> [What the task requires]:
A picture should never appear in your copy. Transcribe the listing exactly from its first line through the line with "В общем, мы", both ends included.

> [Data excerpts]:
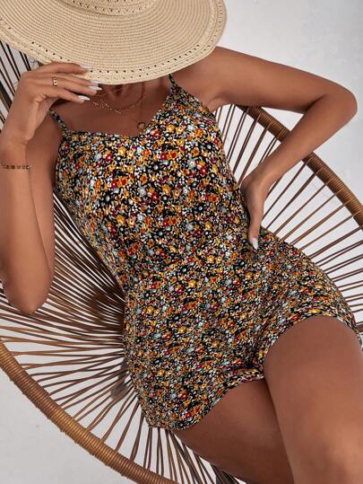SHEIN VCAY 夏季海滩女士花卉印花吊带连体衣 - 灰色 - 查看 1
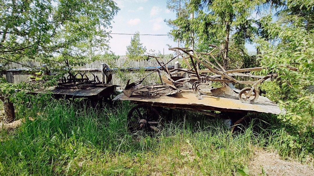 В общем, мы готовы к поездке на транспортном средстве с живым мотором. Не хватает лишь, так сказать, кузова. Подводим «мотор» к сразу двум телегам или прицепам, загруженным орудиями труда, которые необходимо поочерёдно отвезти на место проведения земляных работ.
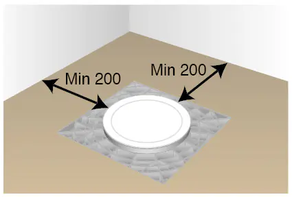 Golvbrunn i våtrum ska vara monterad så att minsta avstånd mellan väggens tätskikt och yttre fl äns är 200 mm, se fi g 3.8a. Golvbrunn ska placeras så att den går att rengöra och så att ett demonterbart vattenlås kan lyftas ur.
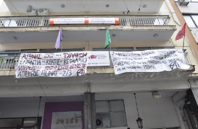 Οι διαδηλωτές έχουν αναρτήσει πανό τόσο στο μπαλκόνι των γραφείων όσο και στην κεντρική είσοδο του πεζοδρομίου στο οποίο και αναφέρουν το αίτημά τους για κατάργηση των φυλακών τύπου Γ΄ αλλά και την αλληλεγγύη τους στους απεργούς πείνας, μέλη της Συνωμοσίας Πυρήνων της Φωτιάς: Μαυρόπουλος Θεόφιλος, Νικολόπουλος Γεώργιος, Νικολόπουλος Μιχάλης, Αργυρού Παναγιώτης, Μπολάνο Δαμιανός, Χατζημιχελάκης Χαρίλαος, Τσάκαλος Χρήστος, Πολύδωρας Γεώργιος, Τσάκαλος Γεράσιμος και Οικονομίδου Όλγα
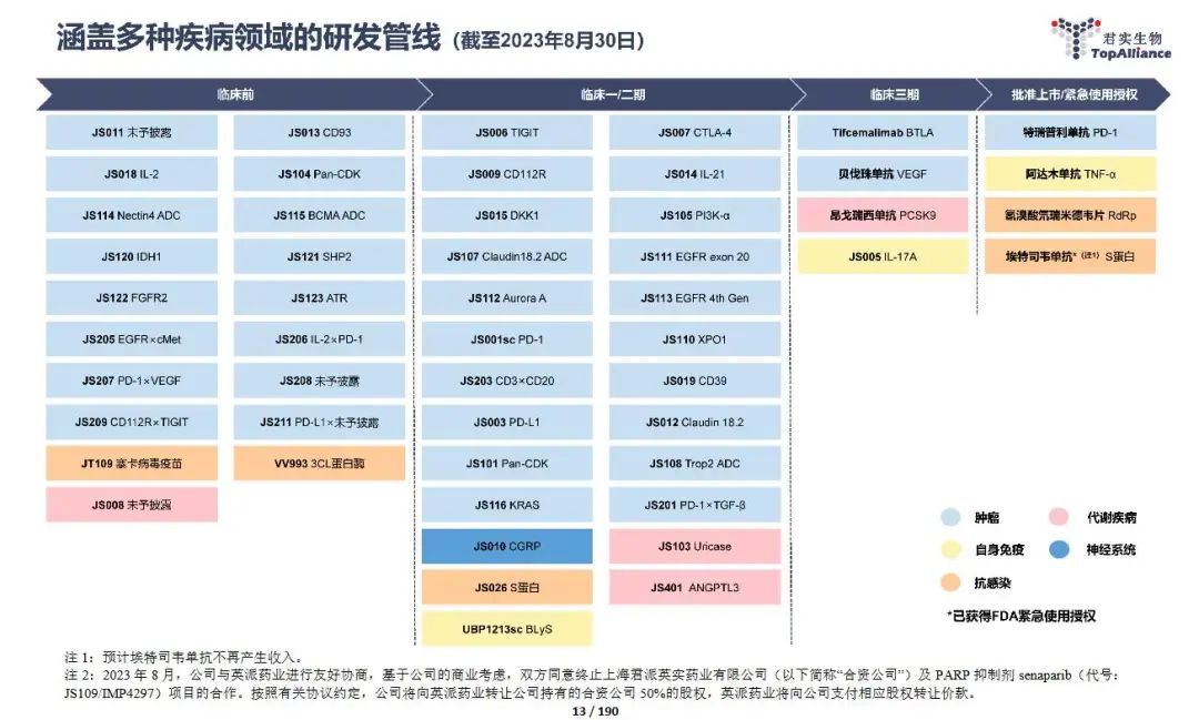 以2023上半年为例,截至2023年8月30日,君实生物拥有近50条在研管线,仅有三款产品实现商业化,分别为特瑞普利单抗(商品名:拓益)、氢溴酸氘瑞米德韦片(商品名:民得维)、阿达木单抗(商品名:君迈康)。

> [Completed task]:
SHEIN VCAY 夏季海滩女士花卉印花吊带连体衣 - 灰色 - 查看 1
 В общем, мы готовы к поездке на транспортном средстве с живым мотором. Не хватает лишь, так сказать, кузова. Подводим «мотор» к сразу двум телегам или прицепам, загруженным орудиями труда, которые необходимо поочерёдно отвезти на место проведения земляных работ.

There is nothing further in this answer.